▶ _Source material_:
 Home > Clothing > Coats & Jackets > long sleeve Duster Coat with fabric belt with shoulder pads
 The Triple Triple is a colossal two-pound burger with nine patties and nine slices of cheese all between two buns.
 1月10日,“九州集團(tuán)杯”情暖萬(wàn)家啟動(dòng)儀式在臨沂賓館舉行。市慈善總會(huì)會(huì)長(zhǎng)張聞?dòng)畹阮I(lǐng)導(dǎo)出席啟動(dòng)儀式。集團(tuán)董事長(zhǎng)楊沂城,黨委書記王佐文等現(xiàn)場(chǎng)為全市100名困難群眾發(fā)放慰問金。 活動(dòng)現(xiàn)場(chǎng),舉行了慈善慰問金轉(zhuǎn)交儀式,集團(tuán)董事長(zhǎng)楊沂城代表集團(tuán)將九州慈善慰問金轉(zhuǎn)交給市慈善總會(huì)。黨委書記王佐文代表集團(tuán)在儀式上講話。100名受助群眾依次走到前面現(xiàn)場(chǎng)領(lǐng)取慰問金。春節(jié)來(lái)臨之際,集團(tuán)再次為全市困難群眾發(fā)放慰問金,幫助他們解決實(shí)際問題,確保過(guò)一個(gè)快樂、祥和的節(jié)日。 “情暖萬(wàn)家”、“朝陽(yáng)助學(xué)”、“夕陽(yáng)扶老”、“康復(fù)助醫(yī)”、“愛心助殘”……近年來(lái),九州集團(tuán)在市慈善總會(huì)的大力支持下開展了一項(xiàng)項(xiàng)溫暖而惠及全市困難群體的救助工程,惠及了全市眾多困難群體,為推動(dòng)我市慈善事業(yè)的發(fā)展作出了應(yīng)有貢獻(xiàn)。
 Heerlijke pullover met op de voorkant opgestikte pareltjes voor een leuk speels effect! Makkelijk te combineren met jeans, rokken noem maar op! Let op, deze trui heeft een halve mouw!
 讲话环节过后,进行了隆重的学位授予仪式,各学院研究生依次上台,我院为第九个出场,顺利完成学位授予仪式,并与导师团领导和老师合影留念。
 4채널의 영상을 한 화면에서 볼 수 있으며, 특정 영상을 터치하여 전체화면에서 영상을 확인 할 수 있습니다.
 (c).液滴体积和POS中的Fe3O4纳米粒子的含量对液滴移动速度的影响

---

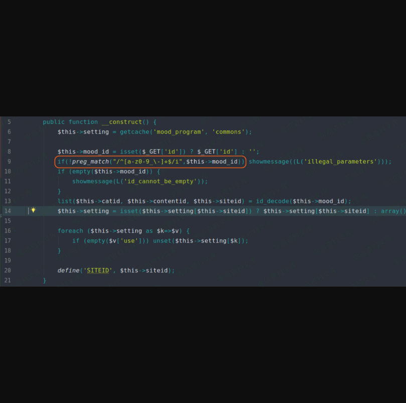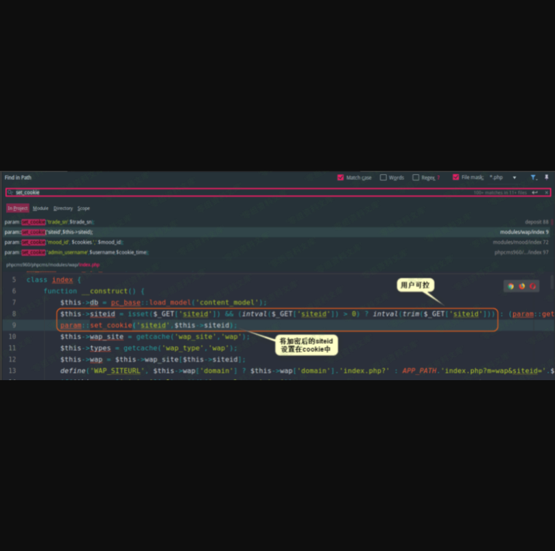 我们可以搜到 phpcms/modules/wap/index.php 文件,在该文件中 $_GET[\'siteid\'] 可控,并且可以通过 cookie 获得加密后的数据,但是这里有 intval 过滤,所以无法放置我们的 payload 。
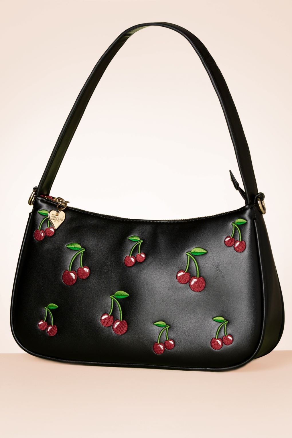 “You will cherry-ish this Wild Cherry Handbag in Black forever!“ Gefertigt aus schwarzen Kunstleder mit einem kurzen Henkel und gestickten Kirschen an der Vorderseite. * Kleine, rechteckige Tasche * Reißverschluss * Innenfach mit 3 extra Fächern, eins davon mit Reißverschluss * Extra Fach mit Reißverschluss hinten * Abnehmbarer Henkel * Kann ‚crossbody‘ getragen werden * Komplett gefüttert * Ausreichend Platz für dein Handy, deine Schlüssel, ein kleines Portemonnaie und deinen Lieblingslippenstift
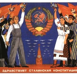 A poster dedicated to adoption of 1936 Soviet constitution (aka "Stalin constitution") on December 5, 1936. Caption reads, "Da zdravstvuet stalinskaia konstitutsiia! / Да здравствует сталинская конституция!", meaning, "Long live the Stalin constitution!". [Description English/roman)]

==

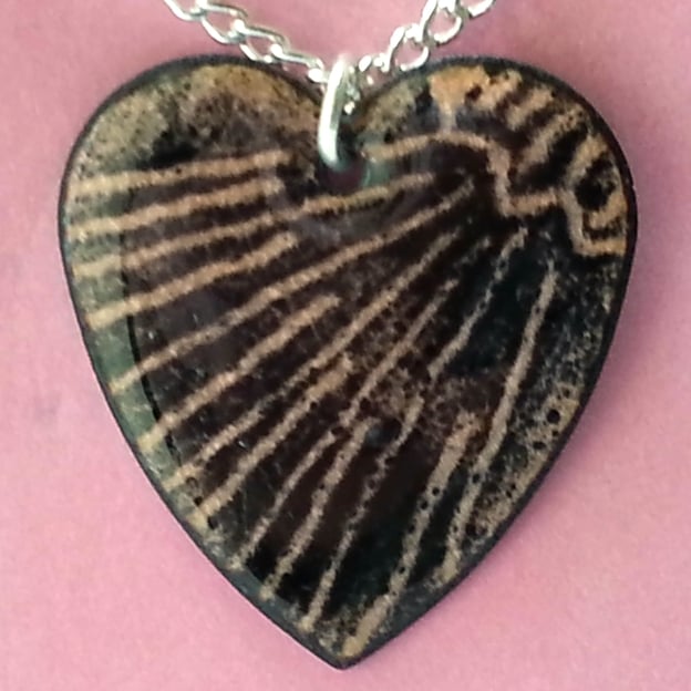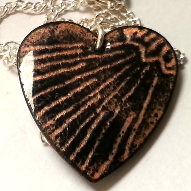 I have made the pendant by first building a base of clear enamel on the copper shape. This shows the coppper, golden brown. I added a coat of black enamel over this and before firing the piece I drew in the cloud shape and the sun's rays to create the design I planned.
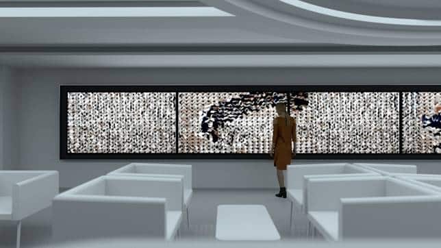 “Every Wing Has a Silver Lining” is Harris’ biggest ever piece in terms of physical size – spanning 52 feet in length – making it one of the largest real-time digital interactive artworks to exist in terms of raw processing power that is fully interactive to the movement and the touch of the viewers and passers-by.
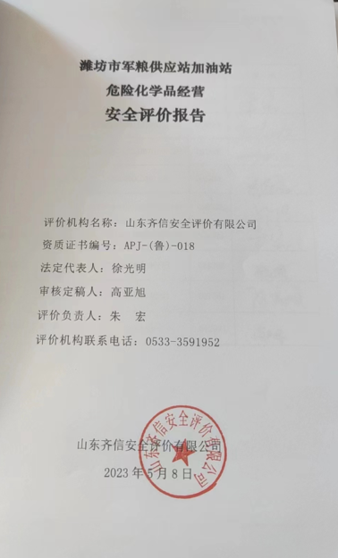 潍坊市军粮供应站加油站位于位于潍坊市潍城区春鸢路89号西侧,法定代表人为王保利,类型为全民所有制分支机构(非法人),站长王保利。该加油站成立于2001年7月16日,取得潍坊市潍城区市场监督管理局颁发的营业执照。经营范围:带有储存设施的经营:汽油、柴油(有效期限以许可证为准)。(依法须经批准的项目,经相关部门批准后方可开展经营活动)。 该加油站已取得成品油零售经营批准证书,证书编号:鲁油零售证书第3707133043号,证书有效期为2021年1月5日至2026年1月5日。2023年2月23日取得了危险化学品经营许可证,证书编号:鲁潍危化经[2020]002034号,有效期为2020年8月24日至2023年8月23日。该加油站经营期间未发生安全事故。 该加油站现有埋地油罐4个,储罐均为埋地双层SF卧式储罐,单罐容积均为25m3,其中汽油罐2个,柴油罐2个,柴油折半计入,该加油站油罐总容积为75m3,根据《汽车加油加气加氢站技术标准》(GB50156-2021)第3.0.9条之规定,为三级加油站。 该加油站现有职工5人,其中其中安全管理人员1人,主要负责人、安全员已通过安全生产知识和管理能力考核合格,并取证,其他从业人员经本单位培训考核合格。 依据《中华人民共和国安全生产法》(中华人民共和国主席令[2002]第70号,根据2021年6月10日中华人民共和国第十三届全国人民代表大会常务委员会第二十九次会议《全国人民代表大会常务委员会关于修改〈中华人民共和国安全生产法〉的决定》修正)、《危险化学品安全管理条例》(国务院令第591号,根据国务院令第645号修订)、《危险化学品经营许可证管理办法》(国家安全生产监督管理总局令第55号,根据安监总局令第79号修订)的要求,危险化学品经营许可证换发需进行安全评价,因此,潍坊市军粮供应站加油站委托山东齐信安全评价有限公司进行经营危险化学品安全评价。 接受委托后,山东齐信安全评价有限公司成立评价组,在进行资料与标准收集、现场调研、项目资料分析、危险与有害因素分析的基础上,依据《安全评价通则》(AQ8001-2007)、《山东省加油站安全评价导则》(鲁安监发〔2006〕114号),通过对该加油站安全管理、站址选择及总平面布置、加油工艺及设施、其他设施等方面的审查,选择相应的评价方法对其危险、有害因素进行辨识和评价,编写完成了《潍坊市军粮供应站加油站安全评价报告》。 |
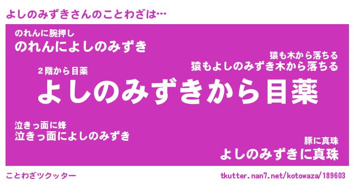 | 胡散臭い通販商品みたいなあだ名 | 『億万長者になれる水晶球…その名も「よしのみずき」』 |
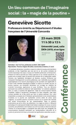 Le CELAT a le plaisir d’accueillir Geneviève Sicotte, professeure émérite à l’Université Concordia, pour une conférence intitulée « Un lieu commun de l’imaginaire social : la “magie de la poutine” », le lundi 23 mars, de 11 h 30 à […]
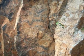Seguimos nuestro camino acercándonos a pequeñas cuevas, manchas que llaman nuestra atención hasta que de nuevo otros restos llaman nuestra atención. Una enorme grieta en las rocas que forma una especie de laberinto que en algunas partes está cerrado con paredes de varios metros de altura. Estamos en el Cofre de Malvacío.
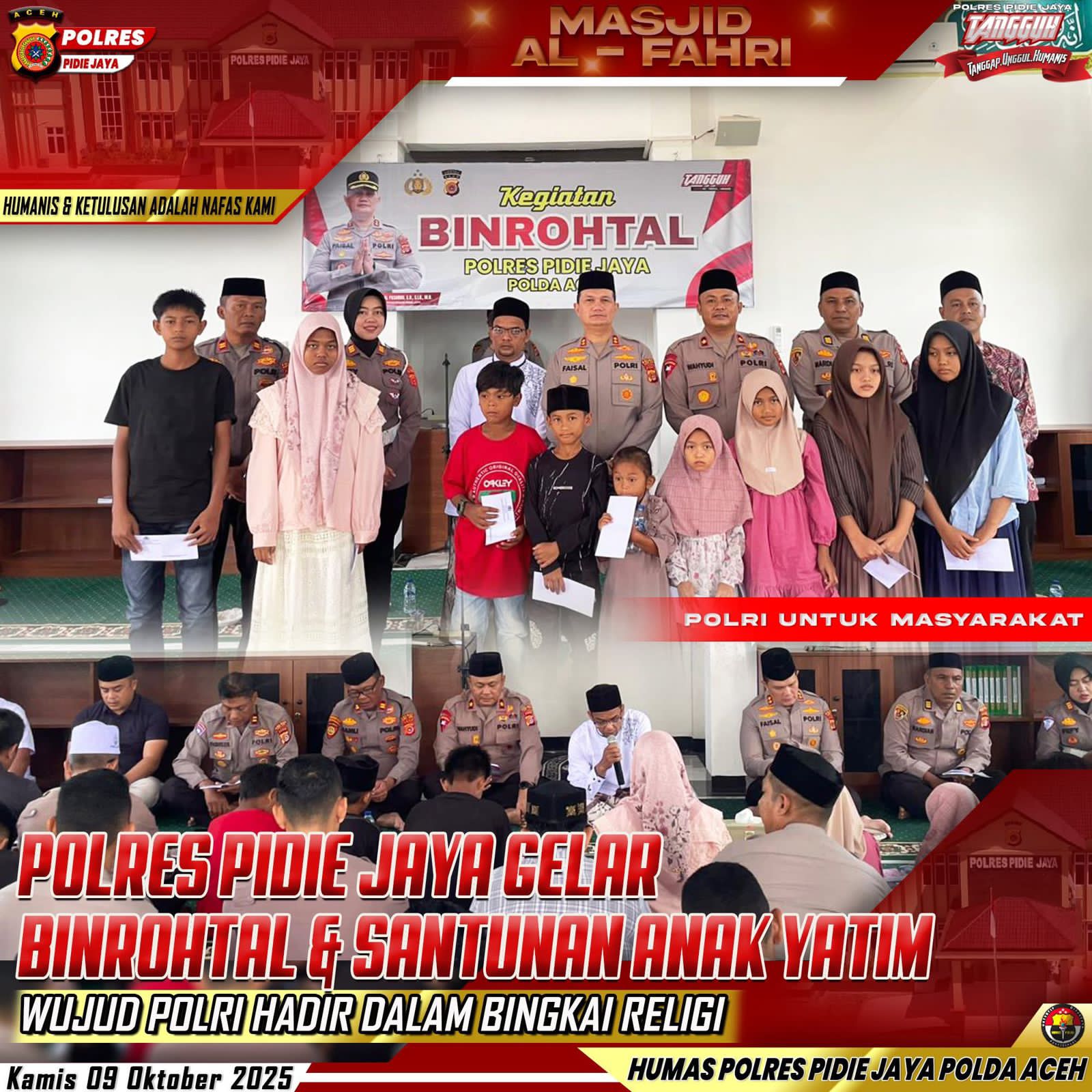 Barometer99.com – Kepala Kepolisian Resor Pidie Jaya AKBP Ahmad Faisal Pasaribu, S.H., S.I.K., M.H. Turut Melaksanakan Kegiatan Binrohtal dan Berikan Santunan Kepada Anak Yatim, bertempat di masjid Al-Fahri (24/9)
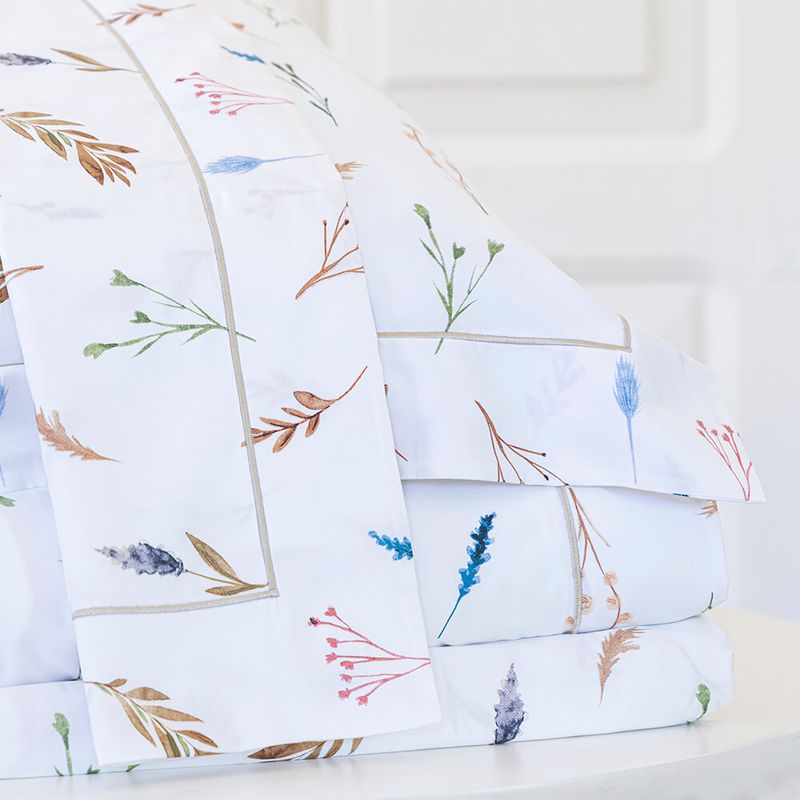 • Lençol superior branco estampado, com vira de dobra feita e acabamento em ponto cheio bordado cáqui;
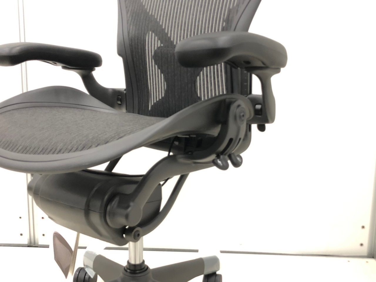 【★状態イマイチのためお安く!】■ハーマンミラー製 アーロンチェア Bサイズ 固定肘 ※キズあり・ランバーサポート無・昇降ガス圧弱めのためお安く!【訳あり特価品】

▶ _Work required_:
Please count the lines in the records that hold the string "with", and give the number alone.

▶ _Written reply_:
2